Previous research has revealed sex differences in allergen source sensitization rates, with some studies indicating higher rates among males and others reporting the opposite among females (42, 43). We found that male patients exhibited elevated sensitization rates for overall allergen sources (63.44% compared to 56.09% in females), inhaled allergen sources (53.30% vs. 44.90%), and food allergen sources (39.12% vs. 33.70%) (P < 0.001). This observed sex disparity could be attributed to factors such as increased outdoor activity or occupational exposure among males, or the influence of male hormones on immune system responses, as suggested by previous studies (44). However, there is currently a dearth of direct evidence to corroborate these theories. Future investigations should explore sex-specific sensitization pathways through cohort studies or by examining molecular mechanisms.
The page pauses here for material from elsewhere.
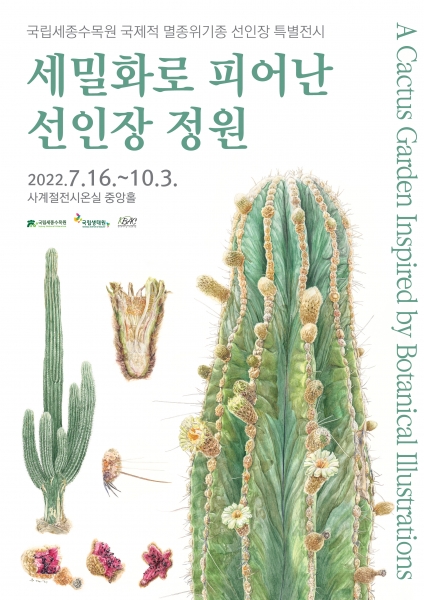 이 기간에는 한국보태니컬아트협동조합 소속 작가 22명이 참여한 선인장 세밀화 작품 60점과 국립생태원의 선인장과 식물 Luetzelb. 등) 27종 27본을 선보인다.

The distribution of allergen sources among patients with allergic diseases varies according to age. Epidemiological studies have revealed that infants mostly react positively to food allergen sources, whereas school-aged children are more sensitive to inhaled allergen sources (45–47). Our study indicates that the highest positive rate of sIgE for inhaled allergen sources was observed during adolescence (11–15 years), reaching 73.21%, and then decreased with advancing age. Conversely, the positive rate of food allergen sources decreased steadily with age. Notably, from age 6–50 years, the positive rate for inhaled allergen sources surpassed that of food allergen sources, which is consistent with the aforementioned trend. This trend could be attributed to factors such as increased indoor activity and the immune system's maturation. Infants aged 0–5 years exhibited significantly higher positive rates for milk, eggs, and cashews than other age groups. This may be explained by their underdeveloped intestinal barrier and incomplete immune tolerance. Furthermore, the sensitization rates to cat and dog dander were significantly higher in this age group, reaching 11.98% and 12.38%, respectively. This could be due to their immature immune systems and possibly greater exposure to pets in households in the studied region. Moreover, Zhu et al. found that among children sensitized to cat or dog allergen sources, the sensitization rate was significantly higher in patients with a parental allergy history than in those without a family history of allergic diseases (48). Therefore, parents are advised to minimize close contact between infants and pets.

The distribution of total serum IgE levels showed that the high-concentration IgE group (>200 IU/ml) accounted for the largest proportion (63.41%), peaking at 76.56% in the 11–15 years group. This finding is consistent with active hormonal changes and immune responses during adolescence (49). With increasing age, the proportion of patients in the high-concentration IgE group gradually decreased, possibly due to immunosenescence or changes in chronic inflammatory states (50).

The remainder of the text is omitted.